Bonaïti-Pellié C, Andrieu N, Arveux P, Bonadona V, Buecher B, Delpech M, Jolly D, Julian-Reynier C, Luporsi E, Noguès C, Nowak F, Olschwang S, Orsi F, Pujol P, Saurin J-C, Sinilnikova O, Stoppa-Lyonnet D, Thépot F
Inserm, U535, Villejuif, France.
Bull Cancer. 2009 Sep;96(9):875-900. doi: 10.1684/bdc.2009.0943.
Organised since 1990 in France, cancer genetics has been strengthened since 2003 by the programme "Plan Cancer" which resulted in an improvement of the organisation of activities. The aim of this review is to present an update of the estimation of the needs of the population in this field for the next ten years, provided by a group of experts mandated by the French National Cancer Institute. Identification and management of major hereditary predispositions to cancer have a major impact on decrease in mortality and incidence.
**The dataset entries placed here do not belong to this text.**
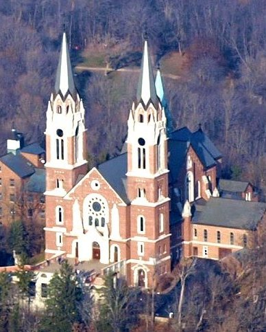 Holy Hill Basilica taken from the Air
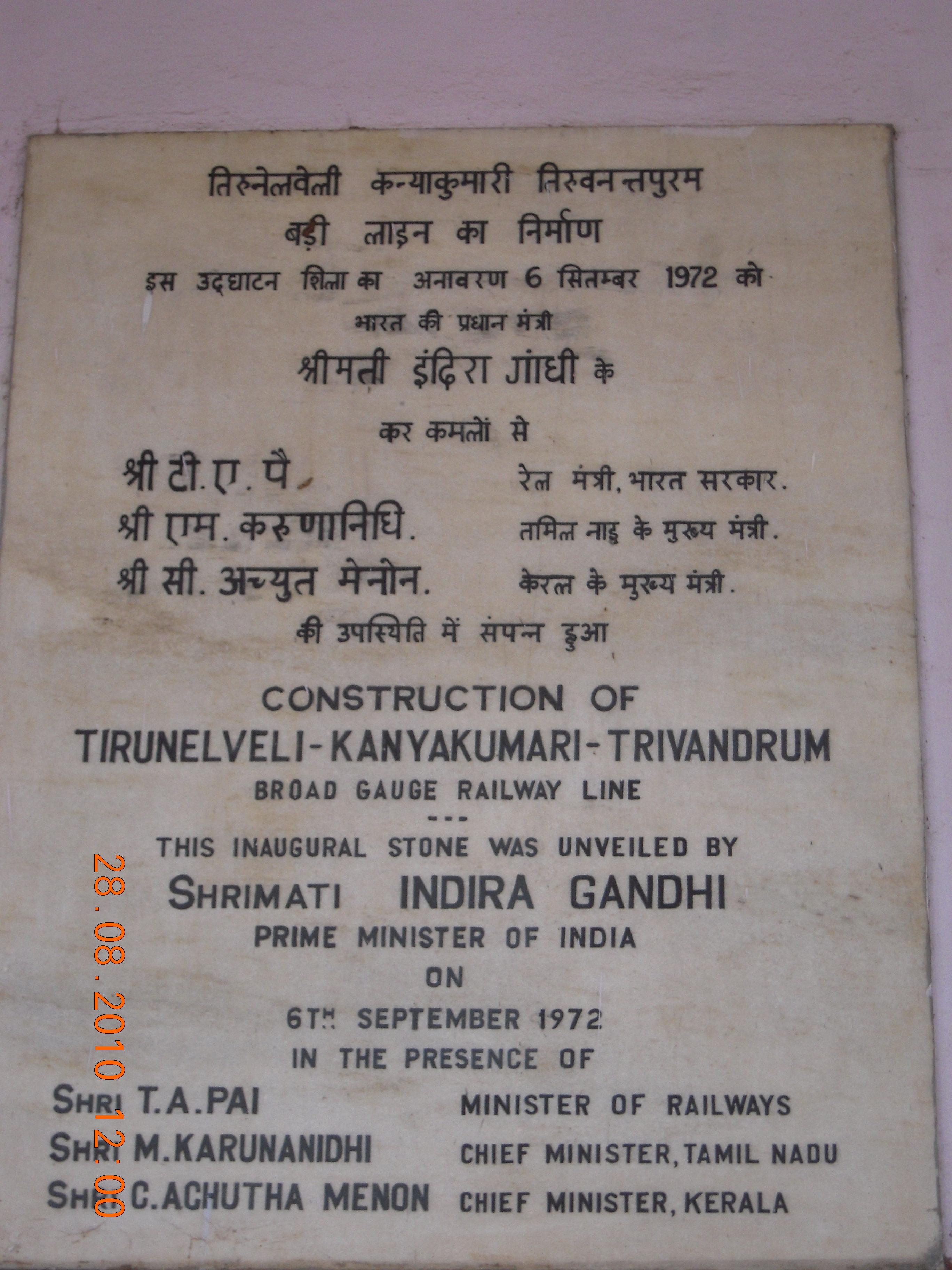 Kanyakumari - Trivandrum Railway track function details
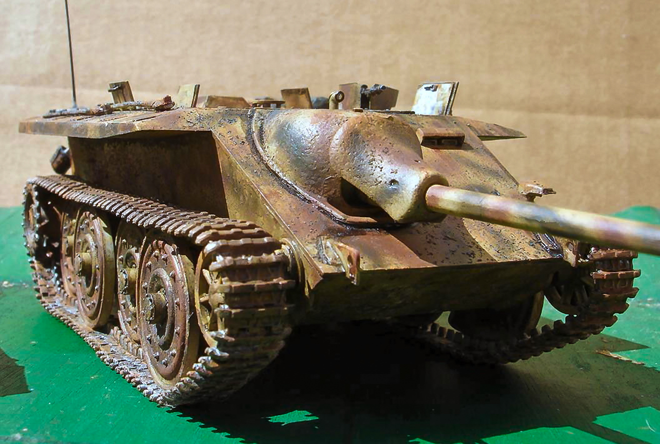 Trumpeter 1/35 scale model kit No 00385 By TDelCoro January 20, 2008
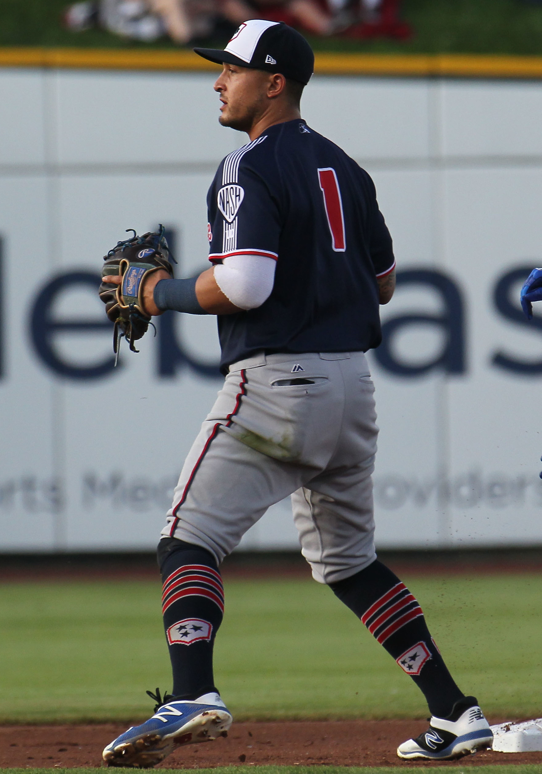 Christian Lopes of the Nashville Sounds holds on an Omaha Storm Chasers baserunner during a 2019 game at Werner Park in Omaha
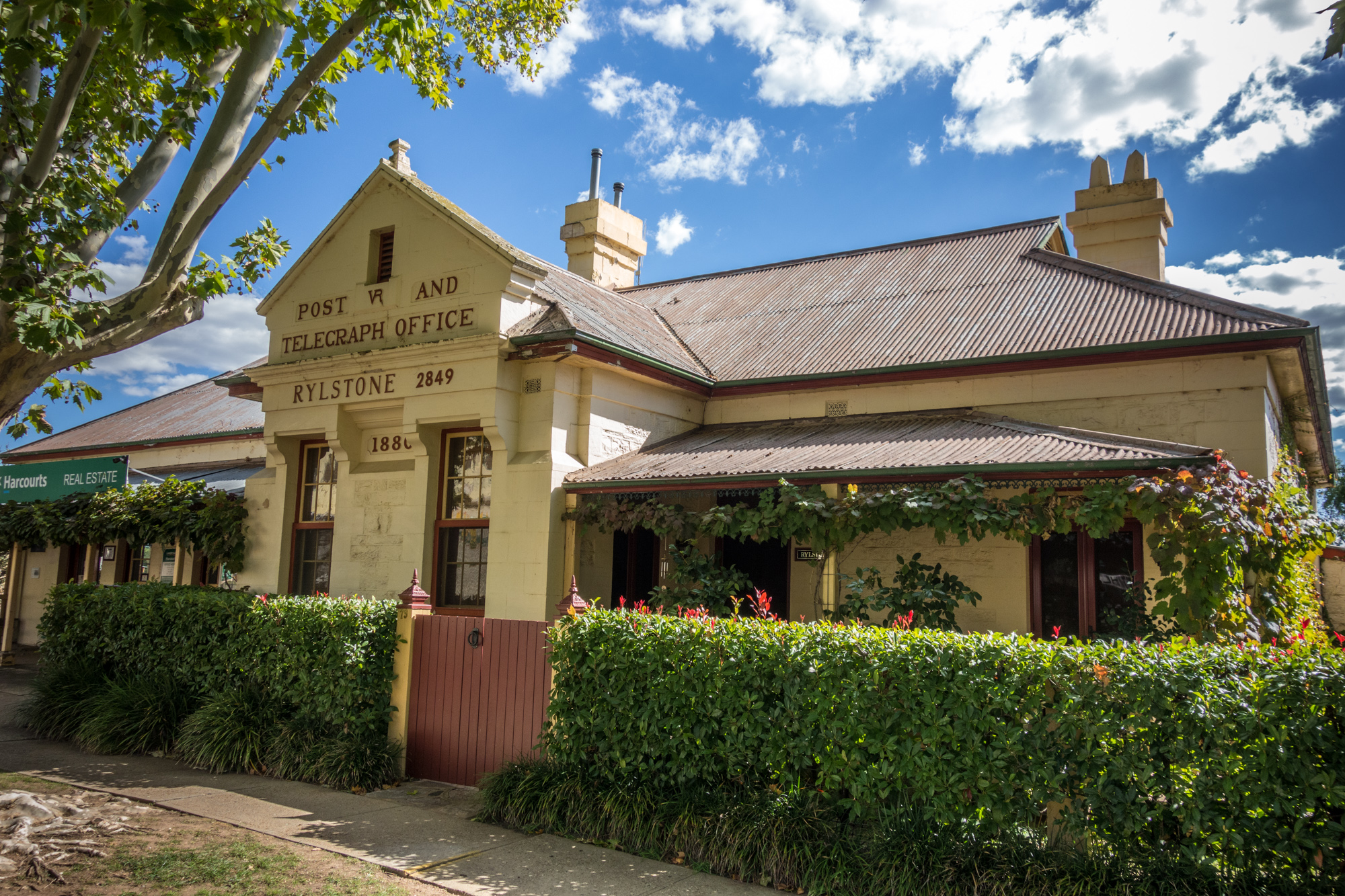 Post and Telegraph Office, 1880, Rylstone, NSW, Australia
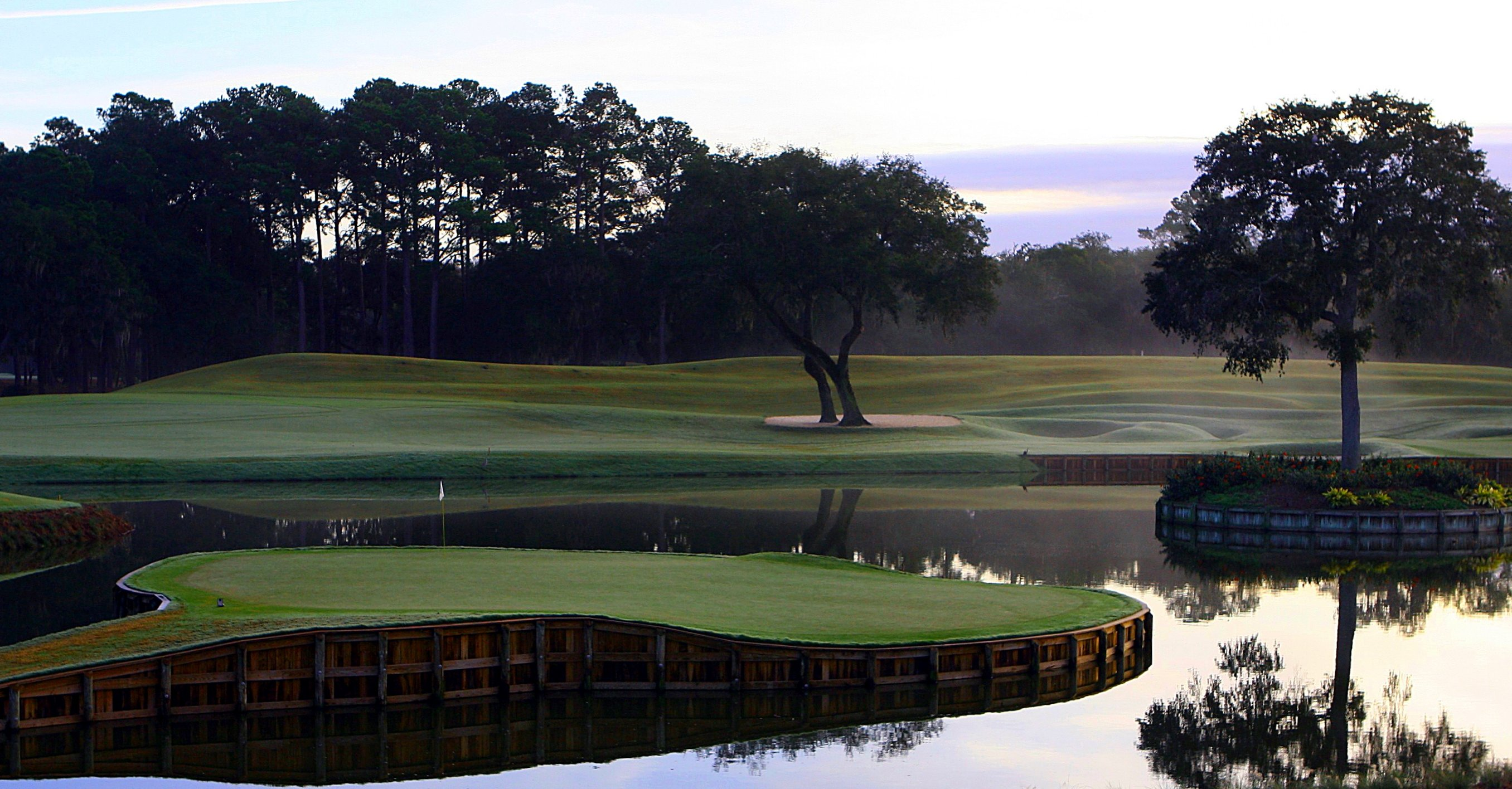 The famous #17, TPC Sawgrass in Ponte Vedra, Florida
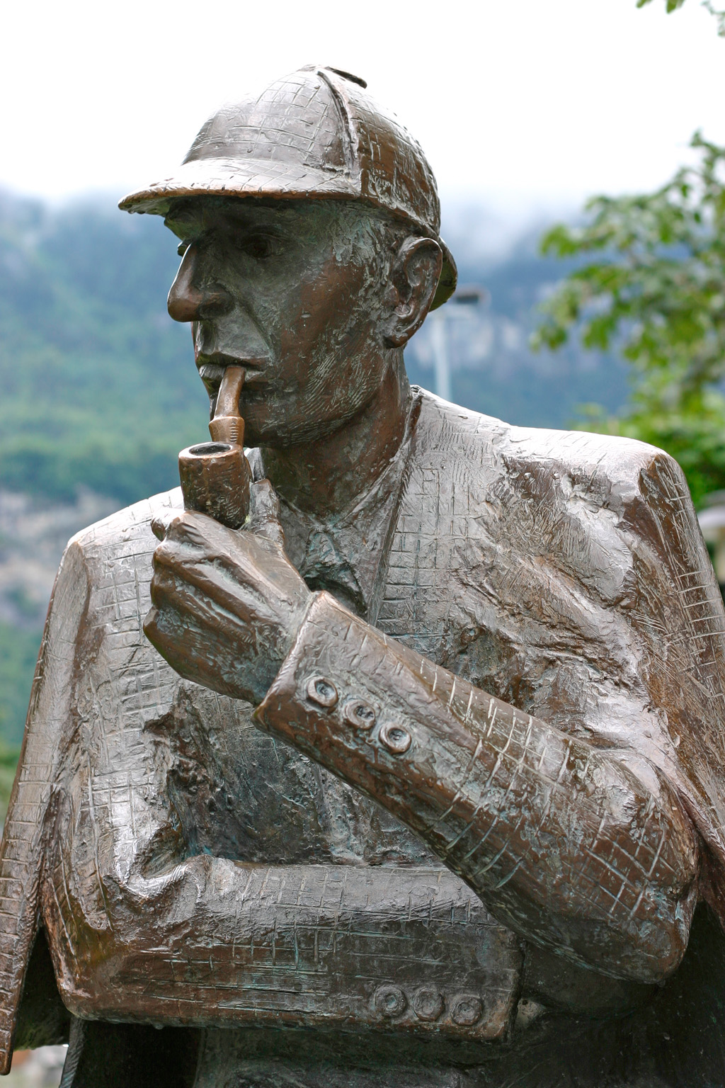 Statue of Sherlock Holmes at Meiringen, Switzerland. Created by British sculptor John Doubleday. Unveiled on the 10th September 1988
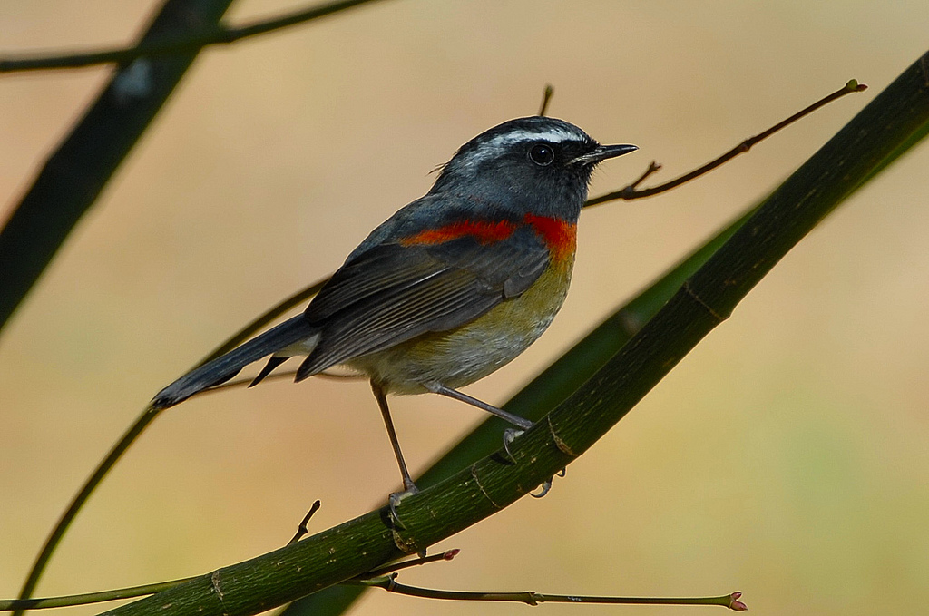 武陵農場 Collared Bush-robin (Tarsiger johnstoniae)
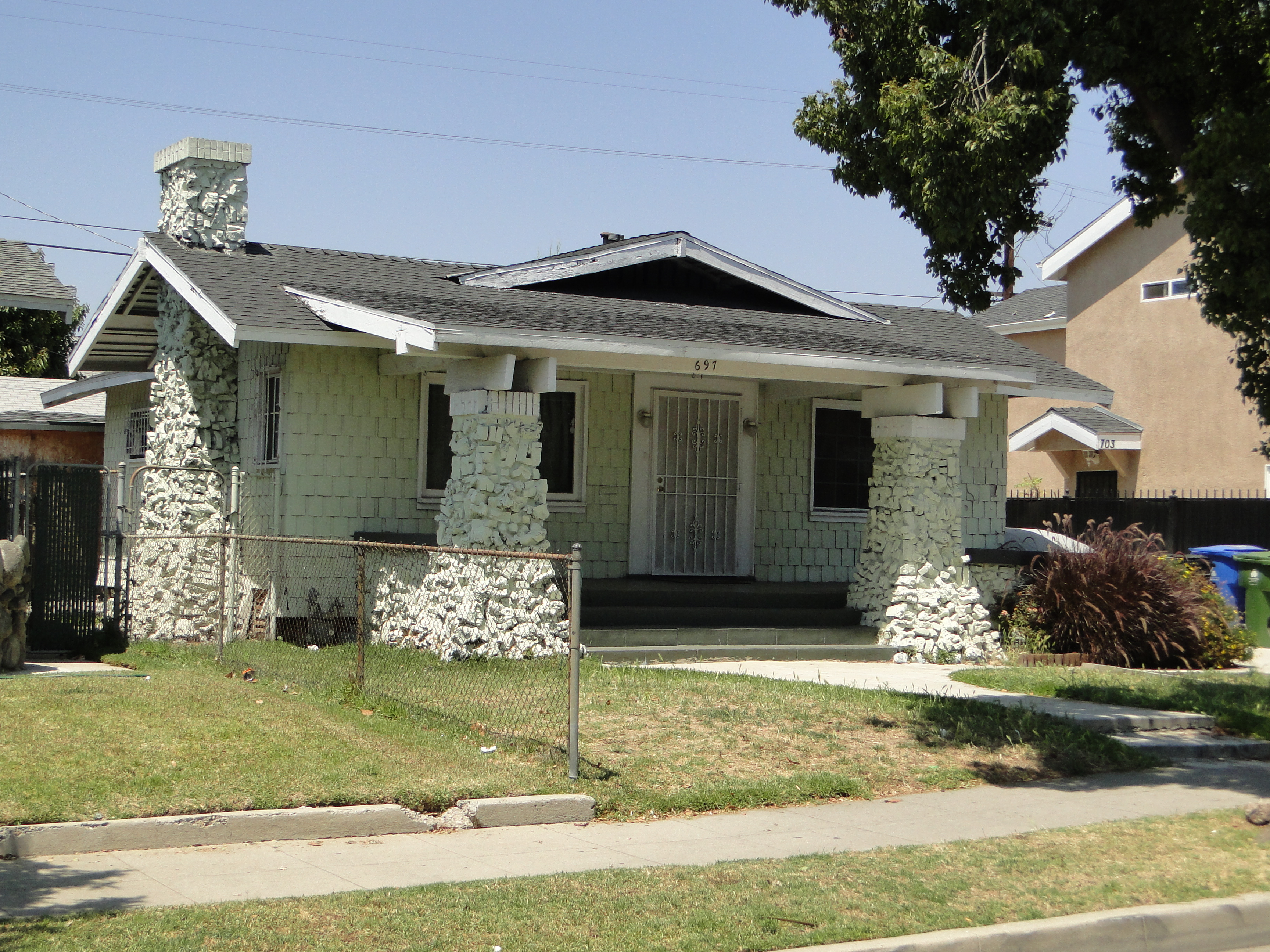 Charlotta Bass House — 697 E. 52nd Place, South Los Angeles, California. Within the 52nd Place Historic District, on the National Register of Historic Places in Los Angeles.
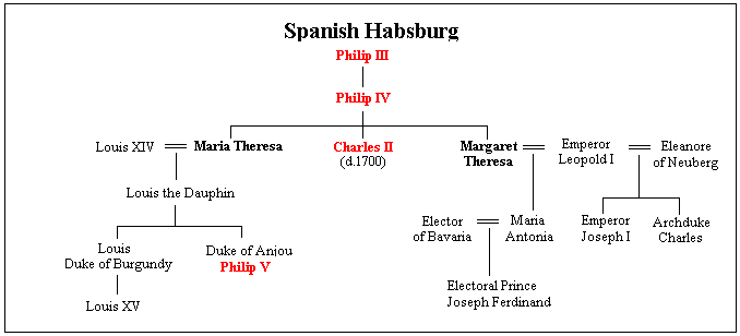 This is an original piece created by myself.
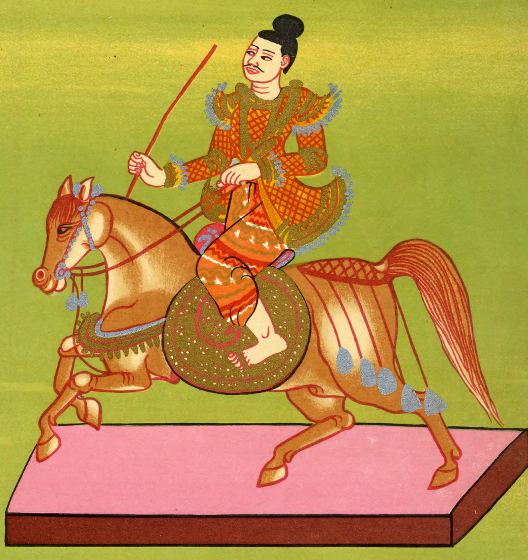 Min Kyawzwa nat (spirit), 32nd in the official pantheon of Burmese nats
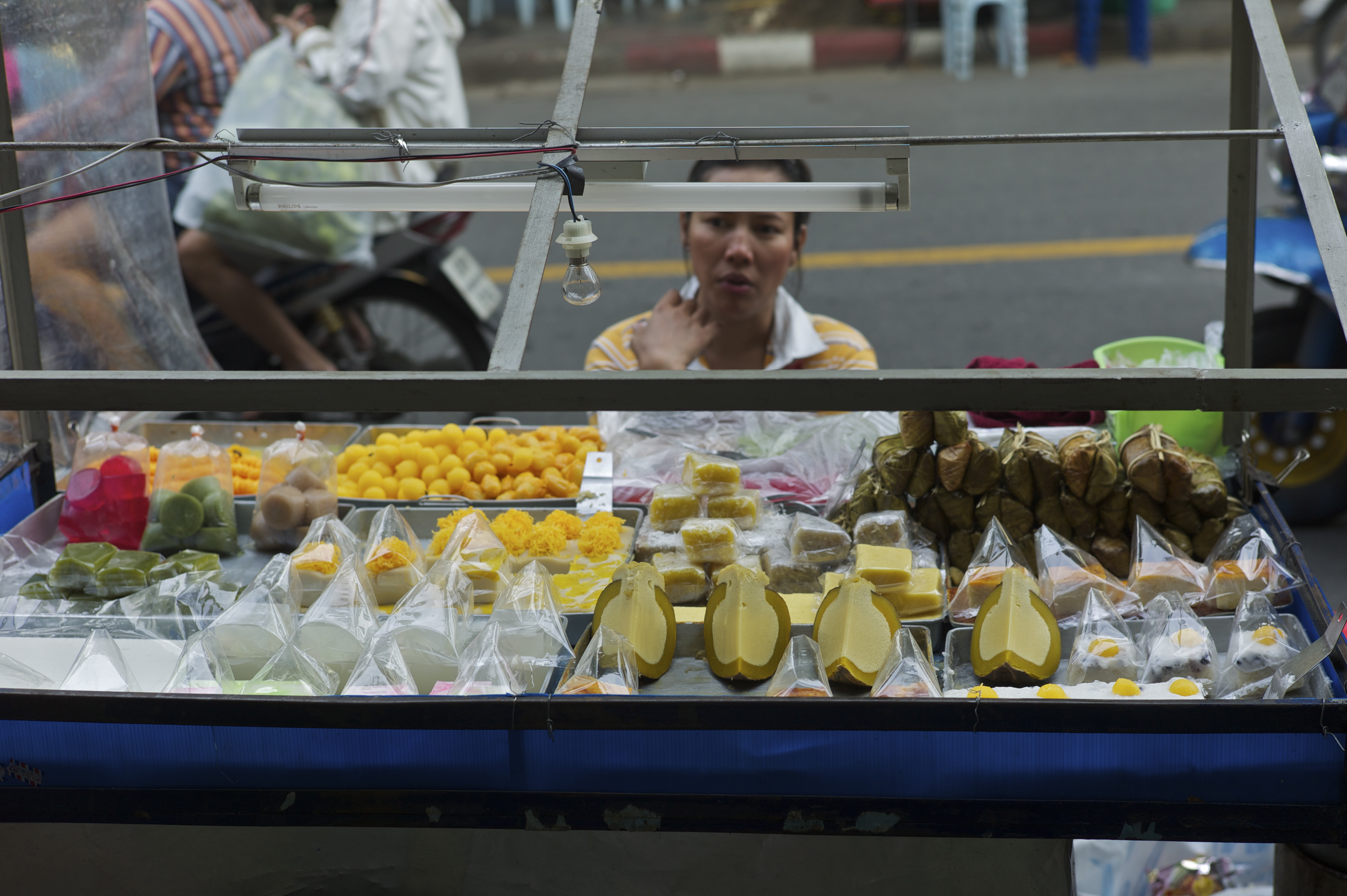 A street vendor selling Thai sweets in Bangkok

Sensitivity of criteria for the detection of BRCA1/2 mutations could be substantially improved by enlarging the indication for genetic testing to isolated cases of ovarian cancer occurring before 70 years and to familial cases occurring after this age limit. In the Lynch syndrome, the present criteria would have an excellent sensitivity for the detection of mutations in the mismatch repair (MMR) genes if the pre-screening of tumours on microsatellite instability (MSI) phenotype was effective, but these criteria are actually poorly applied. However, genetic testing should not be proposed to all the patients affected by tumours belonging to the spectrum of major predispositions and a fortiori to unaffected persons unless an affected relative has been identified as a carrier. The prescription of tests should continue to be strictly controlled and organised, in patients as well as in at-risk relatives. The enlargement of criteria and the improvement in the spreading of recommendations should result in an increase of genetic counselling activity and of the prescriptions of tests by a factor 2 to 4, and to a lesser extent in the clinical management of at risk persons. In a near future, it appears important to mandate experts on specific issues such as the determinants of the lack of effective application of tumour screening for MSI phenotype, the recommendations for the identification and the management of MYH-associated polyposis, or the predictive value of tumour characteristics for the identification of BRCA1/2 mutations. The expected increase in cancer genetics activity will need an optimal organisation to increase the throughput. Such measures will help in facing up to new predispositions that will probably be identified in common cancers.
癌症遗传学自1990年起在法国开展组织工作,自2003年起通过“癌症计划”项目得到加强,该项目使活动组织得到改善。本综述的目的是介绍由法国国家癌症研究所委托的一组专家提供的对该领域未来十年人群需求估计的最新情况。癌症主要遗传易感性的识别和管理对降低死亡率和发病率有重大影响。通过将基因检测的指征扩大到70岁之前发生的孤立性卵巢癌病例以及该年龄限制之后发生的家族性病例,可大幅提高检测BRCA1/2突变标准的敏感性。在林奇综合征中,如果对微卫星不稳定性(MSI)表型的肿瘤进行预筛查有效,那么目前的标准对检测错配修复(MMR)基因突变将具有出色的敏感性,但实际上这些标准应用不佳。然而,除非已确定有患病亲属为携带者,否则不应向所有受主要易感性范围内肿瘤影响的患者,更不应向未患病者提议进行基因检测。检测的开具应继续在患者及其高危亲属中受到严格控制和组织。标准的扩大以及建议传播的改善应会使遗传咨询活动和检测开具增加2至4倍,对高危人群的临床管理影响较小。在不久的将来,指定专家处理特定问题似乎很重要,例如MSI表型肿瘤筛查缺乏有效应用的决定因素、MYH相关息肉病的识别和管理建议,或肿瘤特征对BRCA1/2突变识别的预测价值。癌症遗传学活动预期的增加将需要优化组织以提高通量。这些措施将有助于应对可能在常见癌症中发现的新的易感性。